By shifting the score again, the probability of getting a score higher than $k$ after flipping $n$ coins and starting from a score of $m$ is:

$$ \begin{cases} \displaystyle 0 \text{ if } k-m>n \text{ or } k-m<-n,\\ \displaystyle \sum_{\ell = k-m}^n \binom{n}{\ell}p^\ell(1-p)^{n-\ell} \text{ if } -n\leq k-m\leq n. \end{cases} $$

Conclusion

The key takeway are:

Model properly the situation your are dealing with
Try to link it with known objects (distributions, ...)
Try to seek for the desired properties (this forum, books, research articles, etc...)
Try simplify when possible (here, you shift the score to have a simpler but equivalent problem).

Hope it helps!

[Edit]

Other scores

In this section, I briefly introduce situations where the score not $1$ or $-1$.

In the initial set up, you get either $+1$ or $-1$ at each flip. You can assume that at each step, you get a score that is "randomly chosen" on $\mathbb{R}$. By "randomly chosen", I mean that a each step, you get a score that follow a specific distribution (gaussian, exponential, etc...). We still assume the i.i.d. property.

1. Gaussian score

You can imagine that at each step, you will get a score that follow a normal distribution, denoted $\mathcal{N}(0,1)$. the score is no longer an integer but a real number.

Theorem If $S_n:=X_1,...X_n$ are $n$ i.i.d. gaussian variables, the variable $S_n$ follows the distribution $\mathcal{N}(0,n)$.

This theorem is interesting because in this case, the probability for the score to be higher than a certain level can be expressed with the error function $\text{erf}$.

To conclude the gaussian case, if the current score is at level $a\in\mathbb{R}$, the probability of getting a score higher than $b\in\mathbb{R}$ after flipping $n$ coins is:

$$\frac{1-\text{erf}\left(\frac{b-a}{\sqrt{n}}\right)}{2}.$$

This can be proved by a bit of algebras.

2. Exponential case

You can also assume that the score you get follows an exponential distribution. At each step, you get a positive number.

Theorem If $S_n:=X_1,...X_n$ are $n$ i.i.d. exponential distribution of parameter $\lambda>0$, the variable $S_n$ follows a gamma distribution $\Gamma(n,\lambda)$.

The case is also interesting since the cumulative distribution of this distribution is expansively studied in the literrature.

The probability you are looking for is then:

$$1-\frac{\gamma(n, \lambda(b-a))}{\Gamma(n)}$$

where $\gamma$ is the incomplete gamma function.

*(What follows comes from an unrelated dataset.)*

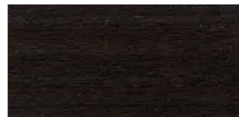
EW 091 - 20

Simple non-i.i.d. situation

You can also imagine a situation where the flips are not independent. To this aim, you can model a sequence of $n$ flips as a sequence of $n$ gaussian variable. To describe the correlation, you need to know the correlation matrix, usualy denoted $\Sigma$.

The distribution followed by the by the sum of gaussian variables (here the score) follows a multivariate normal distribution. You can then apply some well known properties on this disbtribution to find the desied propbability.

I know that it is quite brief. Detailing all of these situations would require a lot of properties. It is more an overview of what you can do without knwowing hard probabilities.